Department of Infectious Diseases, The First Affiliated Hospital of Zhengzhou University, Zhengzhou, 450052 Henan, China.
Department of Gastroenterology, The First Affiliated Hospital of Zhengzhou University, Zhengzhou, 450052 Henan, China.
Dis Markers. 2022 May 18;2022:1586074. doi: 10.1155/2022/1586074. eCollection 2022.
A more accurate prediction of liver metastasis (LM) in pancreatic cancer (PC) would help improve clinical therapeutic effects and follow-up strategies for the management of this disease. This study was to assess various prediction models to evaluate the risk of LM based on machine learning algorithms.
We retrospectively reviewed clinicopathological characteristics of PC patients from the Surveillance, Epidemiology, and End Results database from 2010 to 2018. The logistic regression, extreme gradient boosting, support vector, random forest (RF), and deep neural network machine algorithms were used to establish models to predict the risk of LM in PC patients.

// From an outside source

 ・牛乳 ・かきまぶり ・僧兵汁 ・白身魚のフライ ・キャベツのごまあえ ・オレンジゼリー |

Specificity, sensitivity, and receiver operating characteristic (ROC) curves were used to determine the discriminatory capacity of the prediction models.
A total of 47,919 PC patients were identified; 15,909 (33.2%) of which developed LM. After iterative filtering, a total of nine features were included to establish the risk model for LM based on machine learning. The RF showed the most promising results in the prediction of complications among the models (ROC 0.871 for training and 0.832 for test sets). In risk stratification analysis, the LM rate and 5-year cancer-specific survival (CSS) in the high-risk group were worse than those in the intermediate- and low-risk groups. Surgery, radiotherapy, and chemotherapy were found to significantly improve the CSS in the high- and intermediate-risk groups.

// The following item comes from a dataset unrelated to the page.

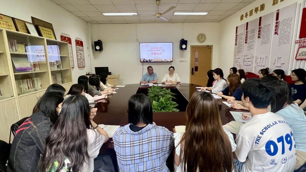 5 月 10 日中午,音乐学院党总支分党校在 3101 党员之家举行培养对象第十期和入党积极分子培养班二十班开班仪式。音乐学院党总支书记陈毅、组织员吴梦静和30余名发展对象和入党积极分子共同参加。

In this study, the RF model constructed could accurately predict the risk of LM in PC patients, which has the potential to provide clinicians with more personalized clinical decision-making recommendations.
更准确地预测胰腺癌(PC)的肝转移(LM)将有助于改善该疾病的临床治疗效果和随访策略。本研究旨在评估基于机器学习算法的各种预测模型,以评估 LM 的风险。
我们回顾性分析了 2010 年至 2018 年期间来自监测、流行病学和最终结果数据库的 PC 患者的临床病理特征。逻辑回归、极端梯度提升、支持向量、随机森林(RF)和深度神经网络机器算法被用于建立预测 PC 患者 LM 风险的模型。特异性、敏感性和接收器工作特征(ROC)曲线用于确定预测模型的区分能力。
共确定了 47919 例 PC 患者,其中 15909 例(33.2%)发生了 LM。经过迭代筛选,共纳入了 9 个特征,基于机器学习建立了 LM 风险模型。RF 在模型预测并发症方面表现出最有前途的结果(训练集 ROC 为 0.871,测试集为 0.832)。在风险分层分析中,高危组的 LM 发生率和 5 年癌症特异性生存率(CSS)均差于中危组和低危组。手术、放疗和化疗被发现显著改善了高危组和中危组的 CSS。
在这项研究中,构建的 RF 模型可以准确预测 PC 患者 LM 的风险,这有可能为临床医生提供更个性化的临床决策建议。